# Awesome day on Navarre Beach 1/3



## Pilar (Oct 28, 2014)

The new year couldn't have started better! We hit the beach around 8 am, and finished at sundown. The surf, and wind was really strong as the day started, but it turned out to be a great day. We ended up pulling in eight black drum, three nice pompano, had to release a redfish that was just over limit (28"), and a handful of cats. I had a friend visiting for the holiday, so it was fun to put him on some fish..although I caught most of them because he kept missing bites. With the cold temps coming this week, I figure the water temps will drop enough to effectively end surf fishing for me until spring. 

























I also landed the biggest pompano I have caught yet, on Jan 1st. 20.5", I was ecstatic!


----------



## TJ Hooker (May 22, 2011)

Nice catch


----------



## jcallaham (Dec 13, 2009)

nice ! thats then kind of day that keeps us surf fishing


----------



## soup4smitty (Sep 13, 2014)

Nice job Pilar, nice fish, I am jealous! I am new to surf fishing, I fished about 3 hours New Years day on Johnson Beach and was shut out. What were you using for bait?


----------



## wtbfishin (Dec 2, 2011)

Nice catch for sure!! That should be some kind of SLAM!:yes:


----------



## Mullethead (Oct 4, 2007)

wtbfishin said:


> Nice catch for sure!! That should be some kind of SLAM!:yes:


 :thumbsup: Nice - great work for January ! 

Throw in a whiting and sheepshead - and that would be beach grand slam !


----------



## Pilar (Oct 28, 2014)

jcallaham said:


> nice ! thats then kind of day that keeps us surf fishing


Thank you! By far the best day I've had in the surf yet.


----------



## Pilar (Oct 28, 2014)

soup4smitty said:


> Nice job Pilar, nice fish, I am jealous! I am new to surf fishing, I fished about 3 hours New Years day on Johnson Beach and was shut out. What were you using for bait?
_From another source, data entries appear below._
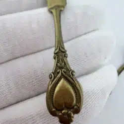 This charming pin set features a fork, knife, and spoon, each showcasing an aged finish that adds a vintage appeal. The design celebrates the classic dining utensils, reflecting a nostalgic connection to culinary traditions and mealtime gatherings.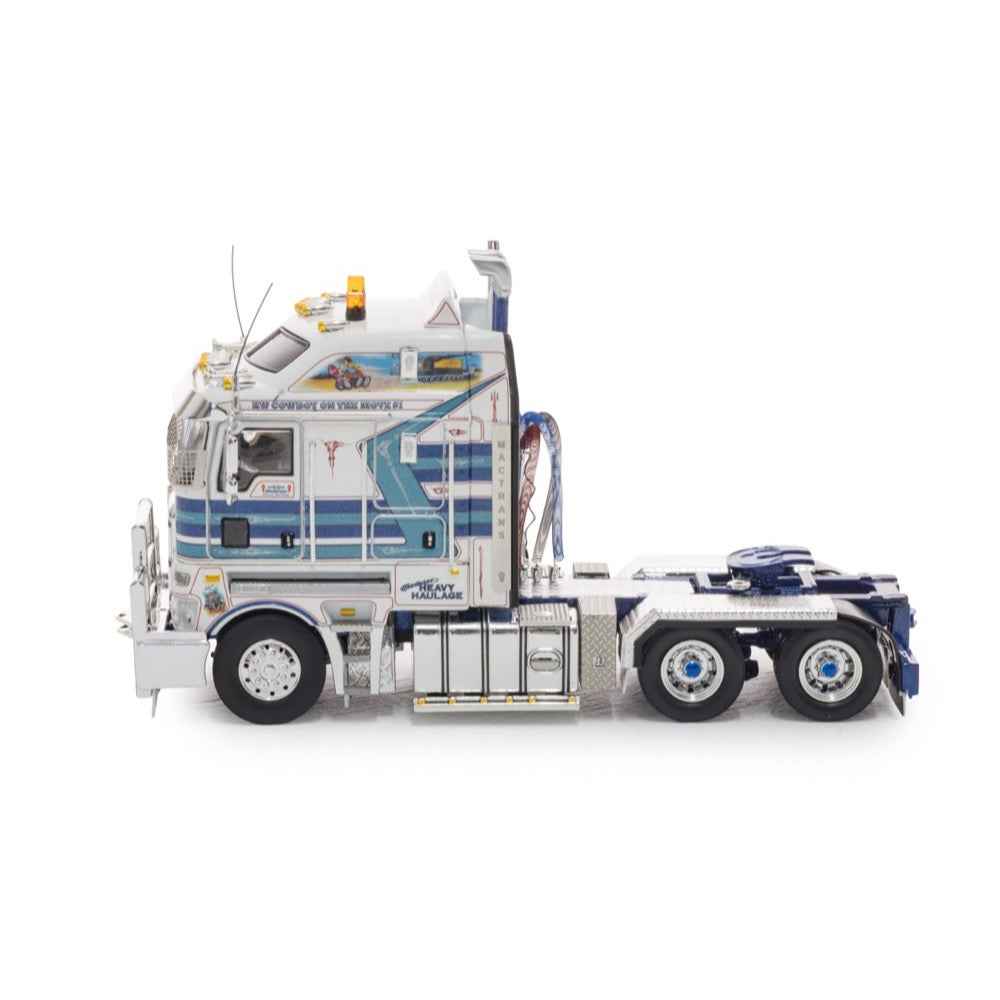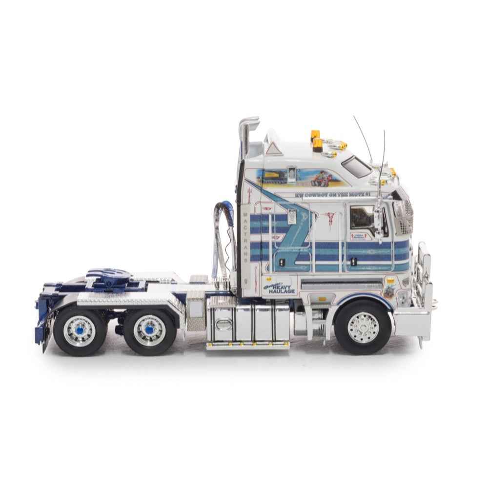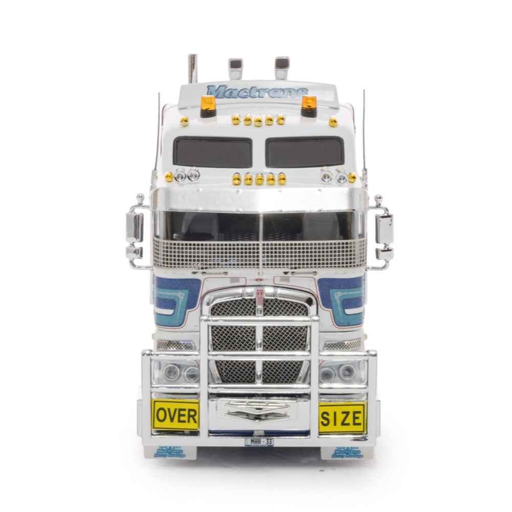 • Die-cast metal cab and chassis: faithfully replicates the Kenworth K200 2.8m cabin in Mactrans “Outcast” livery with precision detailing.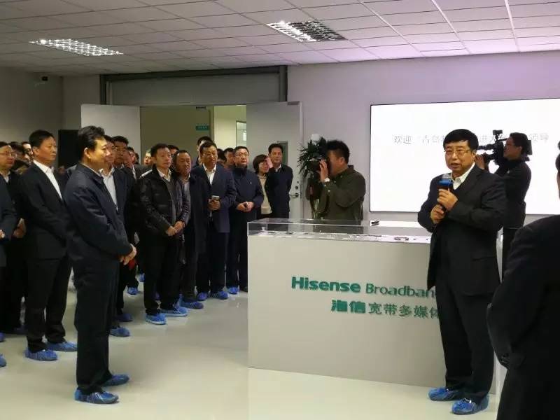ICCSZ訊 3月9日,山東省委常委、青島市委書記李群帶領(lǐng)160人“青島制造”推進大會觀摩團參觀海信智能工廠。海信集團董事長周厚健、海信寬帶多媒體公司總經(jīng)理張華向觀摩團介紹了海信寬帶公司。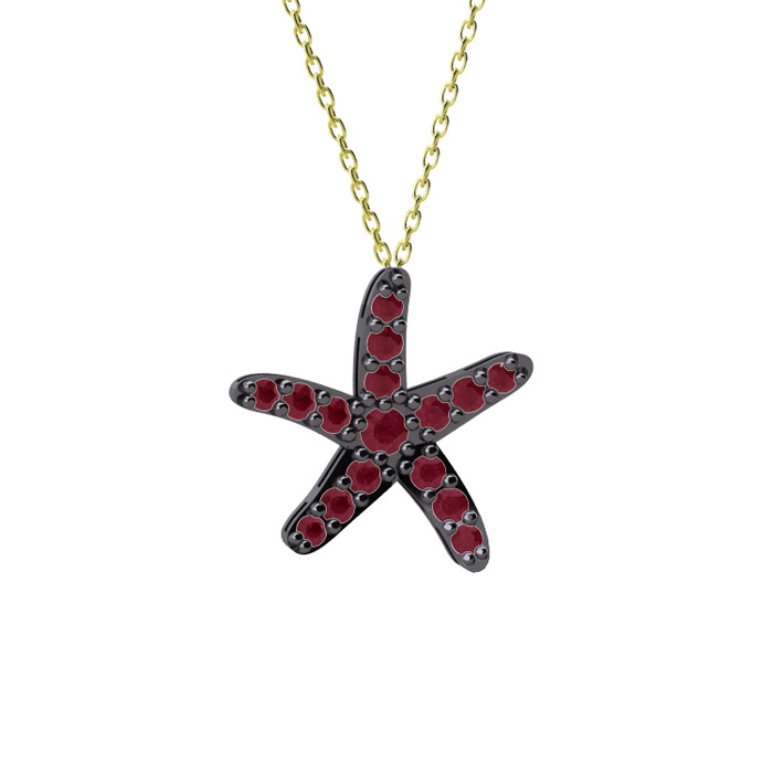 Kök yakut 925 ayar siyah rodyum kaplama gümüş kolye (40 cm altın rolo zincir)

I was using peeled shrimp mostly. I did have one carolina rig out with cut bait, but nothing was hitting it, so went with shrimp all day.


----------



## Pilar (Oct 28, 2014)

TJ Hooker said:


> Nice catch





wtbfishin said:


> Nice catch for sure!! That should be some kind of SLAM!:yes:


Thank you! We certainly had a blast. I kept telling my friend I've never had that many fish biting in a single outing.


----------



## Pilar (Oct 28, 2014)

Mullethead said:


> :thumbsup: Nice - great work for January !
> 
> Throw in a whiting and sheepshead - and that would be beach grand slam !
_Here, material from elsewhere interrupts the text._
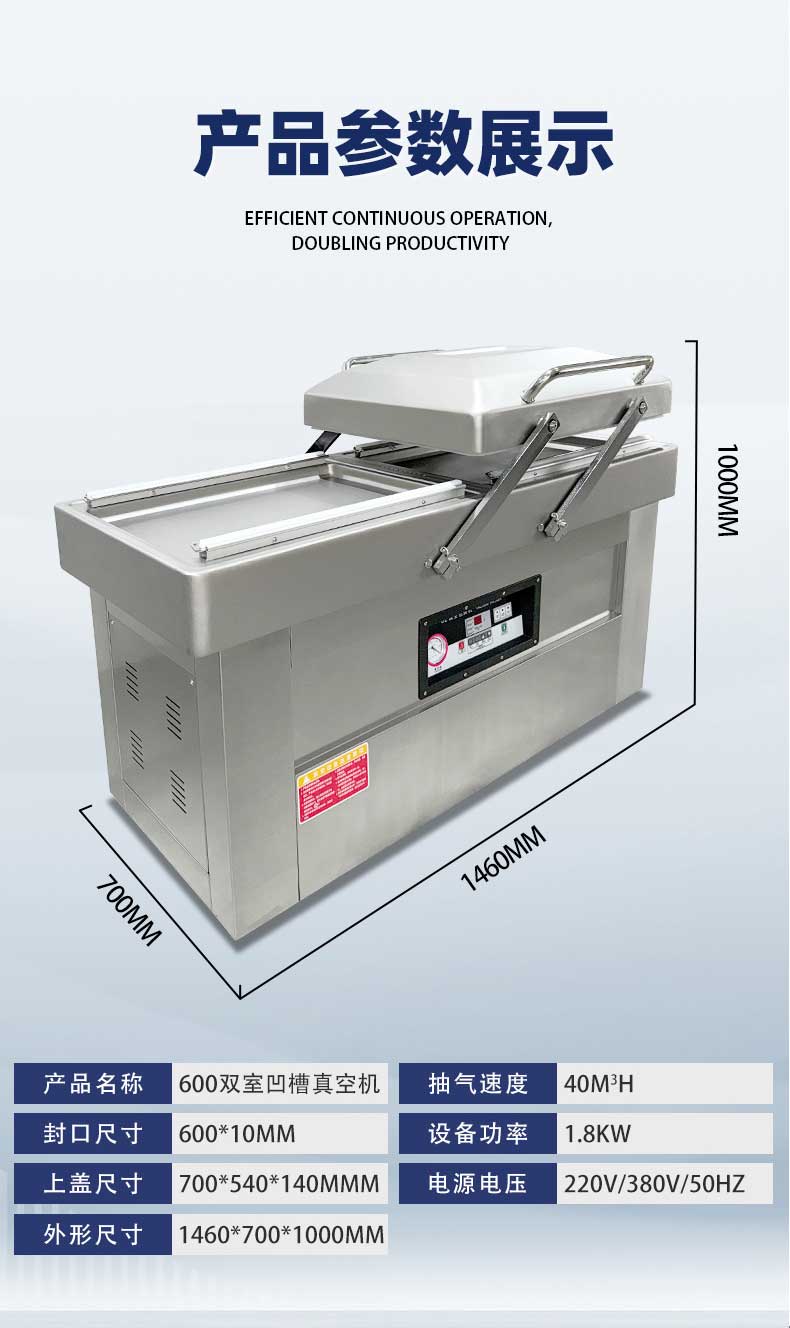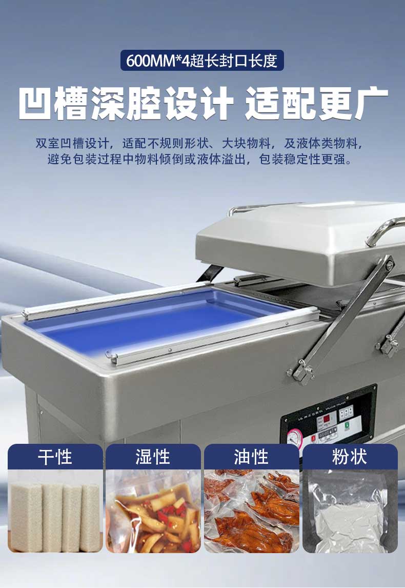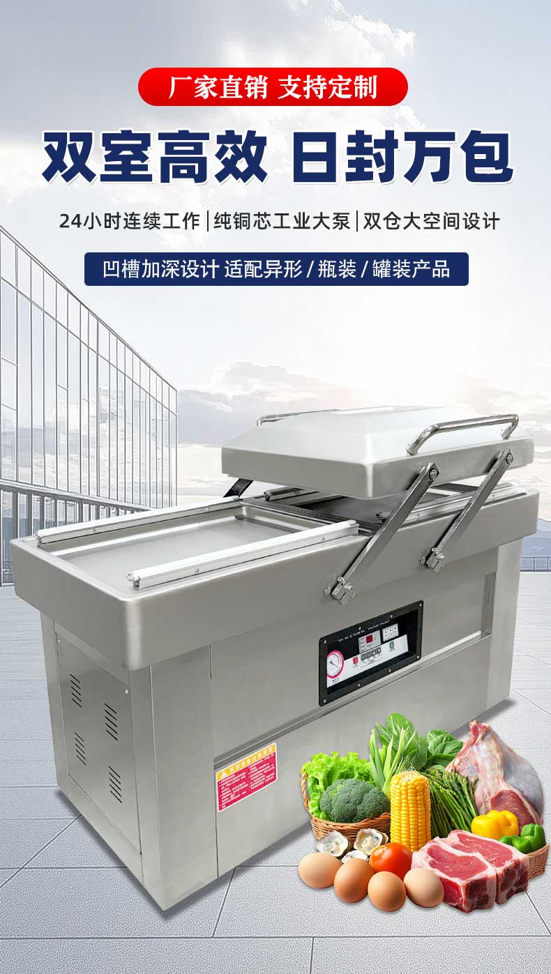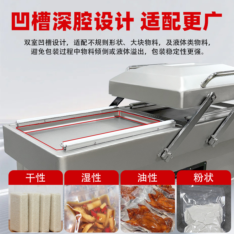 雙室凹槽真空包裝機(jī),專為鹵味、水產(chǎn)、預(yù)制菜等帶湯汁、高水分產(chǎn)品量身打造,創(chuàng)新下凹式真空室結(jié)構(gòu)搭配雙室交替工作模式,既解決液體包裝溢漏難題,又大幅提升生產(chǎn)效率,是食品加工、生鮮鎖鮮的得力設(shè)備。

Not a single whiting. Actually, I haven't caught any whiting for approximately two months now. I still haven't caught a sheepie from the surf.


----------



## Charlietuna (May 2, 2014)

Pilar said:


> The new year couldn't have started better! We hit the beach around 8 am, and finished at sundown. The surf, and wind was really strong as the day started, but it turned out to be a great day. We ended up pulling in eight black drum, three nice pompano, had to release a redfish that was just over limit (28"), and a handful of cats. I had a friend visiting for the holiday, so it was fun to put him on some fish..although I caught most of them because he kept missing bites. With the cold temps coming this week, I figure the water temps will drop enough to effectively end surf fishing for me until spring.
> 
> View attachment 426977
> 
> ...


The TRIFECTA...very nice catch


----------



## rydabyk (Jun 8, 2008)

Wow! Good catch!


----------



## GROUPERKING (Sep 28, 2011)

Awesome winter surf fishing day. :thumbup:


----------



## coastie83 (Apr 20, 2014)

Killing it man! Guess your buddy brought the luck! I was gonna head out that day too but came down with the crud. Gonna head out Thursday and brave the cold. Been a slow winter for me. I've had spring fever since the begining of November.


----------



## Fishcontrolmybrain (Dec 31, 2014)

Pompano are measured to the fork of the tail, right? Just asking.


----------



## rydabyk (Jun 8, 2008)

Fishcontrolmybrain said:


> Pompano are measured to the fork of the tail, right? Just asking.


yep 11" at the fork.


----------